Your task is to return all of the records exactly, minus any images.

=== Available data ===

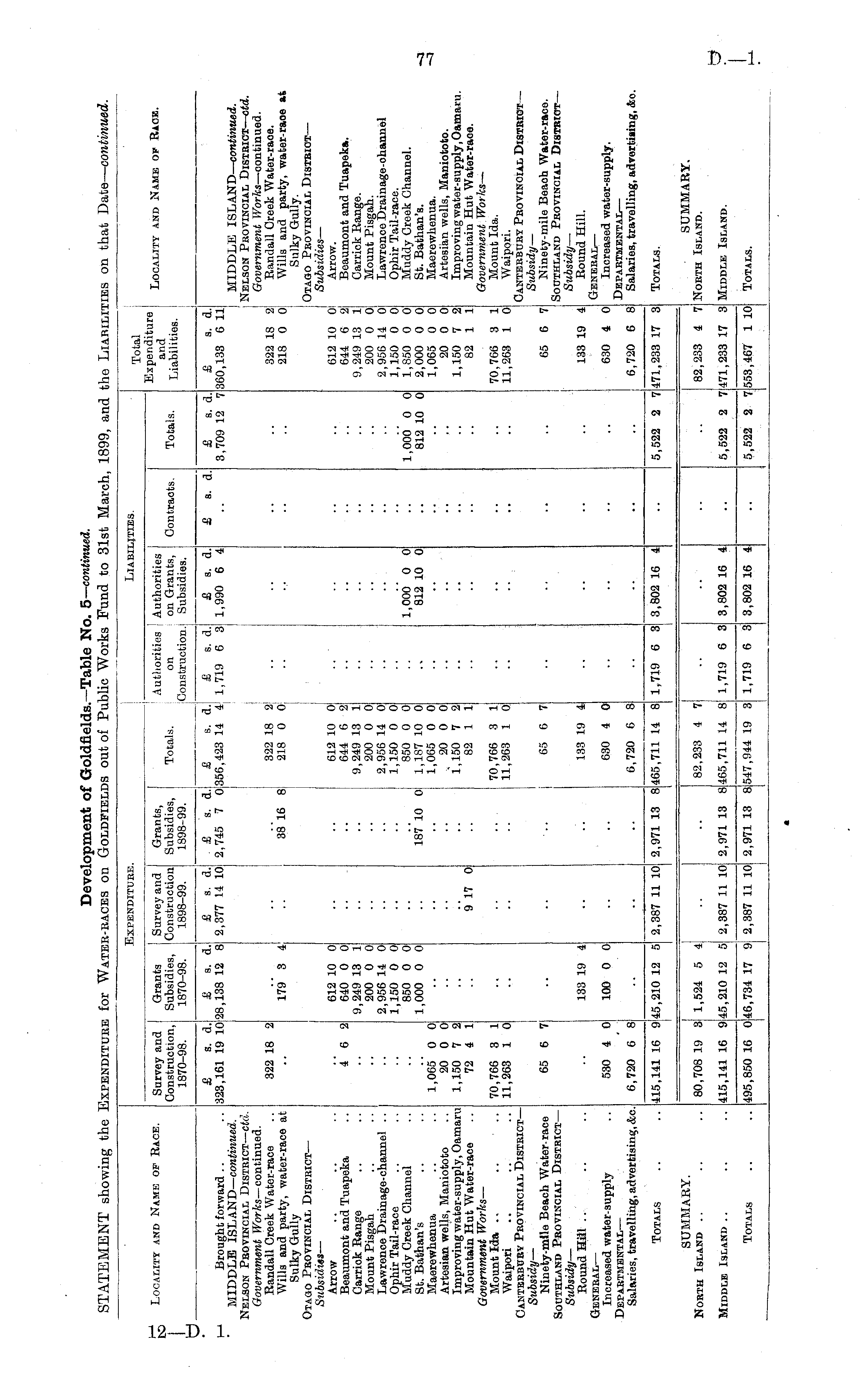 Expenditure. Liabilities. Locality and Name of Race. Survey and Construction, 1870-98. Grants Subsidies, 1870-98. Survey and Construction 1898-99. Grants, Subsidies, 1898-99. Authorities j Authorities on on Grants, :Construction. Subsidies. Total Expenditure and Liabilities. Locality and Name op Race. Totals. Contracts. Totals. £ s. d. 323,161 19 10 £ s. d. 28,138 12 8 £ s. d. 2,377 14 10 . £ s. d. 2,745 7 0 £ s. d. 356,423 14 4 £ s. d. £ a. d. 1,719 6 3 1,990 6 4 £ s. d. £ s. d. 3,709 12 7 £ s. d. 360,133 6 11 Brought forward MIDDLE ISLAND— continued. Nelson Pbovincial District — ctd. Government Works —continued. Randall Creek Water-race Will3 and party, water-race at Sulky Gully Otago Pbovincial District — Subsidies — Arrow Beaumont and Tuapeka Carriok Range Mount Pisgah Lawrence Drainage-channel .. Ophir Tail-race Muddy Greek Channel St. Bathan's Maerewhenua Artesian wells, Maniototo Improving water-supply, Oamaru Mountain Hut Water-race Government Works — Mount Ha .. .. • .. Waipori Canterbuby Provincial District — Subsidy — Ninety-mile Beach Water-race Southland Provincial Disteict — Subsidy — Round Hill General — Increased water-supply Departmental — Salaries, travelling, advertising, &c. 322 18 2 46 2 1,065 0 0 20 0 0 1,150 7 2 72 4 1 179 3 4 612 10 0 640 0 0 9,249 13 1 200 0 0 2,956 14 0 1,150 0 0 850 0 0 1,000 0 0 i - - - 3816 8 - .. 187 10 Oj 322 18 2i 218 0 Oj 612 10 0 644 6 2 9,249 13 1 200 0 0 2,956 14 0 1,150 0 0 850 0 0 1,187 10 0 1,065 0 0 20 0 0 1,150 7 2 82 1 1 .. .. '.'. 1,006' o o 812 10 0 .. 1,000 0 0 812 10 0 322 18 2 218 0 0 612 10 01 644 6 2 9,249 13 1 200 0 Oj 2,956 14 0 1,150 0 0 1,850 0 0 2,000 0 0 1,065 0 0 20 0 0 1,150 7 2 82 1 1 MIDDLE ISLAND— continued. Nelson Provincial Distbict— ctd. Government Works —continued. Randall Creek Water-raoe. Wills and party, water-raoe at Sulky Gully. Otago Provincial District — Subsidies — Arrow. Beaumont and Tuapeka. Carrick Range. Mount Pisgah. Lawrence Drainage-ohannel Ophir Tail-race. Muddy Creek Channel. St. Bathan's. Maerewhenua. Artesian wells, Maniototo. Improving water-supply, Oamaru. Mountain Hut Water-raoe. Government Works — Mount Ida. Waipori. Canterbury Provincial District — Subsidy — Ninety-mile Beaoh Water-race. Southland Provincial District — Subsidy — Round Hill. General— Increased water-supply. Departmental — Salaries, travelling, advertising, &o. .. 917 0 " 70,766 3 1 11,263 1 0 70,766 3 1 11,263 1 0 •• 70.766 3 1 11,263 1 0 65 6 7 I 65 6 7 I I 65 6 7 133 19 4 133 19 4 .. .. 133 19 4 530 4 0 100 0 0 630 4 0 .. .. 630 4 0 6,720 6 8 ■ • 6,720 6 8 I •• - •• 6,720 6 8 471,233 17 3 Totals I 1,719 6 3 3,802 16 4 5,522 2 7 Totals. 415,141 16 9 45,210 12 5 2,387 11 10 2,971 13 8 465,711 14 8 .. SUMMARY. North Island SUMMARY. North Island. 80,708 19 31 I 1,524 5 4j •• 82,233 4 7 •• •• 82,233 4 7 Middle Island 415,141 16 9 45,210 12 5 2,387 11 101 2,971 13 8 465,711 14 8 1,719 6 3 3,802 16 5,522 2 7 471,233 17 3 Middle Island. Totals 495,850 16 0 46,734 17 9 2,971 13 8 547,944 19 3 1,719 6 3 3,802 16 4 Totals. 2,387 11 10 • • 5,522 2 7 .53,467 1 10
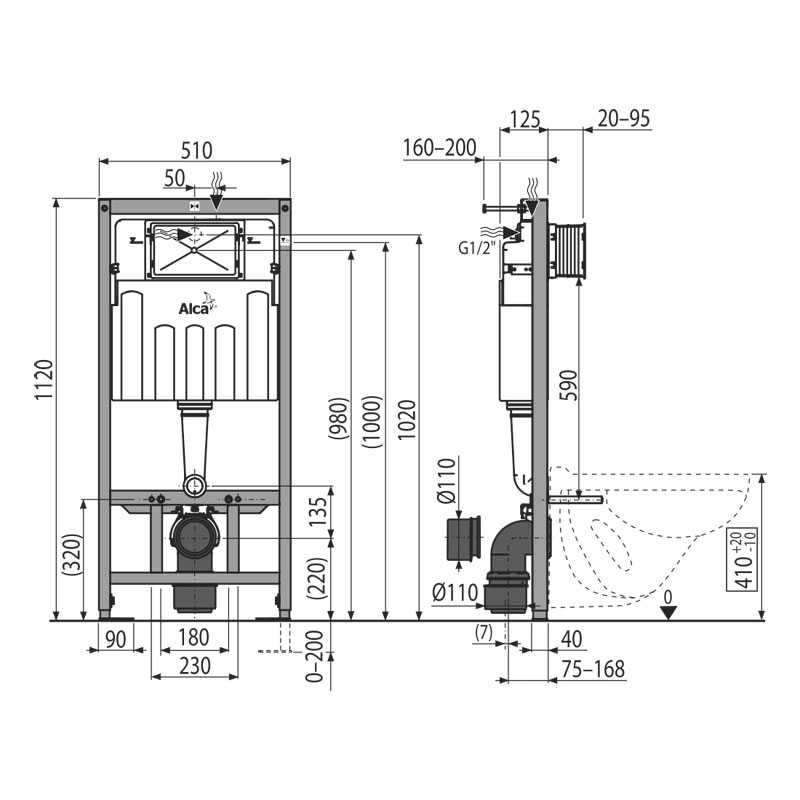 Система инсталляции для подвесного унитаза Alcaplast AM101/1120
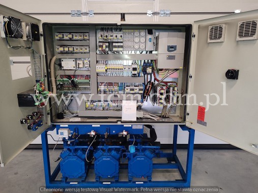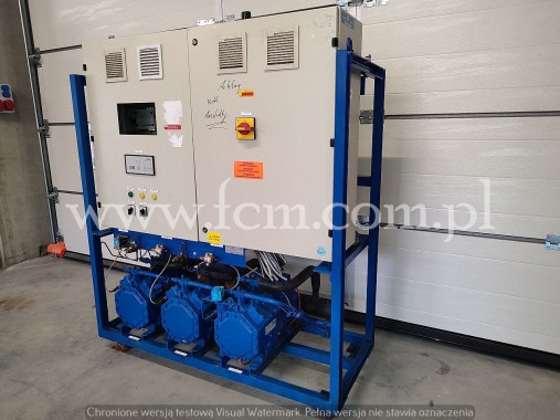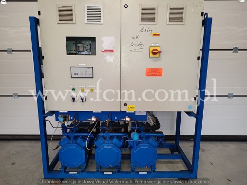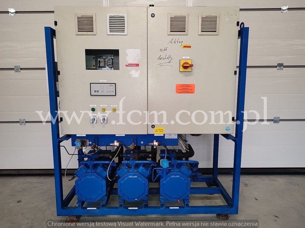 Używany zespół sprężarkowy Bitzer wraz z oryginalnym skraplaczem w komplecie. Sterowanie z dokumentacją, oryginalna zabudowa. Zespół sprężarkowy jest połączony ze skraplaczem Guntner na 4 wentylatorach.
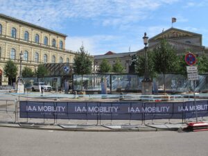IAA noch „erfolgreicher“? 2021 kamen 744 Aussteller und etwa 400.000 Besucher aus 95 Ländern zur IAA Mobility nach München. Zur Erinnerung: Es gab Demonstrationen, Autobahnblockaden, ein Protestcamp von „Sand im Getriebe“, Kritik an der Übernahme der Münchner Innenstadt durch die Autoindustrie und die Kritik am „Greenwashing“ der IAA. 2023 soll die Veranstaltung vom 5. bis 10.9. laut Hildegard Müller, der VDA-Präsidenten, noch erfolgreicher werden. Die öffentlichen Plätze wie Marienplatz, Königsplatz, Ludwigstraße etc. werden auch 2003 durch die Autoindustrie belegt. Nur der Odeonsplatz soll verschont werden: Hier sollen die Besucher sich entspannen.66
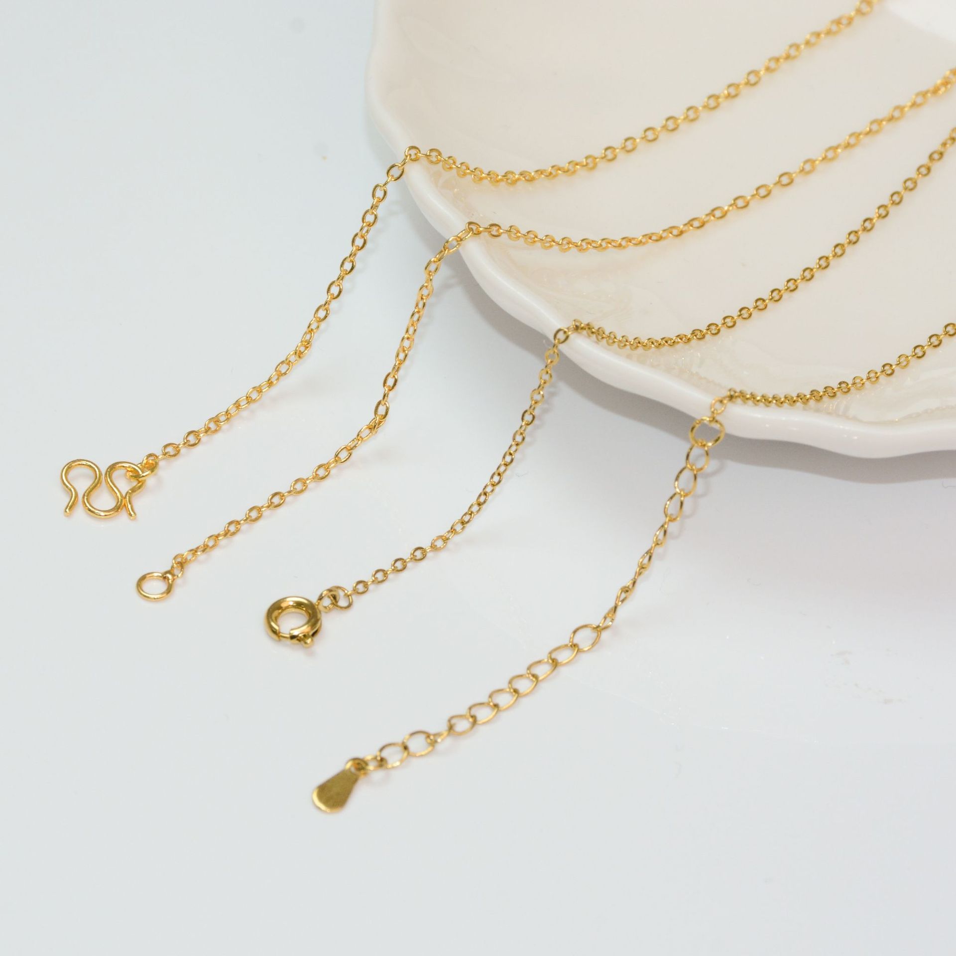 Copper Gold-Plated Jewelry Round Chain 18K Strong Color Retention O-Shaped Chain Box Chain Handmade DIY Necklace Adjustment Extension Chain Women's Accessories
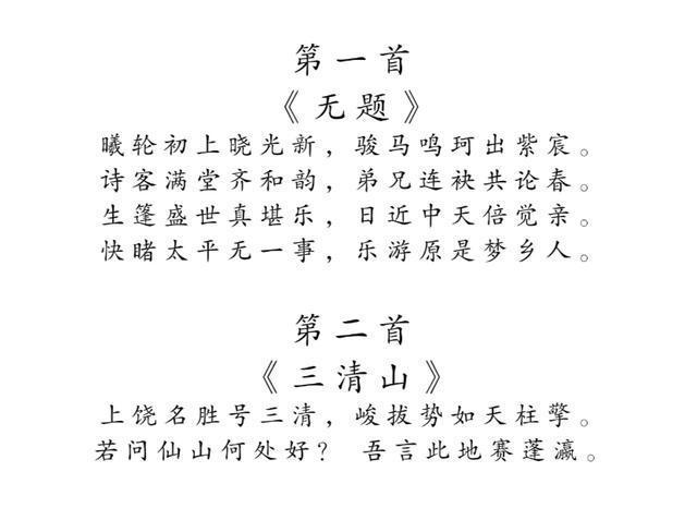 而且成名后的他,不满足于背诗,还尝试写了一些原创古体诗歌。本期笔者就给大家介绍其中的两首,个人认为是很有水平的:

===

> [Response for this exercise]
 Expenditure. Liabilities. Locality and Name of Race. Survey and Construction, 1870-98. Grants Subsidies, 1870-98. Survey and Construction 1898-99. Grants, Subsidies, 1898-99. Authorities j Authorities on on Grants, :Construction. Subsidies. Total Expenditure and Liabilities. Locality and Name op Race. Totals. Contracts. Totals. £ s. d. 323,161 19 10 £ s. d. 28,138 12 8 £ s. d. 2,377 14 10 . £ s. d. 2,745 7 0 £ s. d. 356,423 14 4 £ s. d. £ a. d. 1,719 6 3 1,990 6 4 £ s. d. £ s. d. 3,709 12 7 £ s. d. 360,133 6 11 Brought forward MIDDLE ISLAND— continued. Nelson Pbovincial District — ctd. Government Works —continued. Randall Creek Water-race Will3 and party, water-race at Sulky Gully Otago Pbovincial District — Subsidies — Arrow Beaumont and Tuapeka Carriok Range Mount Pisgah Lawrence Drainage-channel .. Ophir Tail-race Muddy Greek Channel St. Bathan's Maerewhenua Artesian wells, Maniototo Improving water-supply, Oamaru Mountain Hut Water-race Government Works — Mount Ha .. .. • .. Waipori Canterbuby Provincial District — Subsidy — Ninety-mile Beach Water-race Southland Provincial Disteict — Subsidy — Round Hill General — Increased water-supply Departmental — Salaries, travelling, advertising, &c. 322 18 2 46 2 1,065 0 0 20 0 0 1,150 7 2 72 4 1 179 3 4 612 10 0 640 0 0 9,249 13 1 200 0 0 2,956 14 0 1,150 0 0 850 0 0 1,000 0 0 i - - - 3816 8 - .. 187 10 Oj 322 18 2i 218 0 Oj 612 10 0 644 6 2 9,249 13 1 200 0 0 2,956 14 0 1,150 0 0 850 0 0 1,187 10 0 1,065 0 0 20 0 0 1,150 7 2 82 1 1 .. .. '.'. 1,006' o o 812 10 0 .. 1,000 0 0 812 10 0 322 18 2 218 0 0 612 10 01 644 6 2 9,249 13 1 200 0 Oj 2,956 14 0 1,150 0 0 1,850 0 0 2,000 0 0 1,065 0 0 20 0 0 1,150 7 2 82 1 1 MIDDLE ISLAND— continued. Nelson Provincial Distbict— ctd. Government Works —continued. Randall Creek Water-raoe. Wills and party, water-raoe at Sulky Gully. Otago Provincial District — Subsidies — Arrow. Beaumont and Tuapeka. Carrick Range. Mount Pisgah. Lawrence Drainage-ohannel Ophir Tail-race. Muddy Creek Channel. St. Bathan's. Maerewhenua. Artesian wells, Maniototo. Improving water-supply, Oamaru. Mountain Hut Water-raoe. Government Works — Mount Ida. Waipori. Canterbury Provincial District — Subsidy — Ninety-mile Beaoh Water-race. Southland Provincial District — Subsidy — Round Hill. General— Increased water-supply. Departmental — Salaries, travelling, advertising, &o. .. 917 0 " 70,766 3 1 11,263 1 0 70,766 3 1 11,263 1 0 •• 70.766 3 1 11,263 1 0 65 6 7 I 65 6 7 I I 65 6 7 133 19 4 133 19 4 .. .. 133 19 4 530 4 0 100 0 0 630 4 0 .. .. 630 4 0 6,720 6 8 ■ • 6,720 6 8 I •• - •• 6,720 6 8 471,233 17 3 Totals I 1,719 6 3 3,802 16 4 5,522 2 7 Totals. 415,141 16 9 45,210 12 5 2,387 11 10 2,971 13 8 465,711 14 8 .. SUMMARY. North Island SUMMARY. North Island. 80,708 19 31 I 1,524 5 4j •• 82,233 4 7 •• •• 82,233 4 7 Middle Island 415,141 16 9 45,210 12 5 2,387 11 101 2,971 13 8 465,711 14 8 1,719 6 3 3,802 16 5,522 2 7 471,233 17 3 Middle Island. Totals 495,850 16 0 46,734 17 9 2,971 13 8 547,944 19 3 1,719 6 3 3,802 16 4 Totals. 2,387 11 10 • • 5,522 2 7 .53,467 1 10
 Система инсталляции для подвесного унитаза Alcaplast AM101/1120
 Używany zespół sprężarkowy Bitzer wraz z oryginalnym skraplaczem w komplecie. Sterowanie z dokumentacją, oryginalna zabudowa. Zespół sprężarkowy jest połączony ze skraplaczem Guntner na 4 wentylatorach.
IAA noch „erfolgreicher“? 2021 kamen 744 Aussteller und etwa 400.000 Besucher aus 95 Ländern zur IAA Mobility nach München. Zur Erinnerung: Es gab Demonstrationen, Autobahnblockaden, ein Protestcamp von „Sand im Getriebe“, Kritik an der Übernahme der Münchner Innenstadt durch die Autoindustrie und die Kritik am „Greenwashing“ der IAA. 2023 soll die Veranstaltung vom 5. bis 10.9. laut Hildegard Müller, der VDA-Präsidenten, noch erfolgreicher werden. Die öffentlichen Plätze wie Marienplatz, Königsplatz, Ludwigstraße etc. werden auch 2003 durch die Autoindustrie belegt. Nur der Odeonsplatz soll verschont werden: Hier sollen die Besucher sich entspannen.66
 Copper Gold-Plated Jewelry Round Chain 18K Strong Color Retention O-Shaped Chain Box Chain Handmade DIY Necklace Adjustment Extension Chain Women's Accessories
 而且成名后的他,不满足于背诗,还尝试写了一些原创古体诗歌。本期笔者就给大家介绍其中的两首,个人认为是很有水平的:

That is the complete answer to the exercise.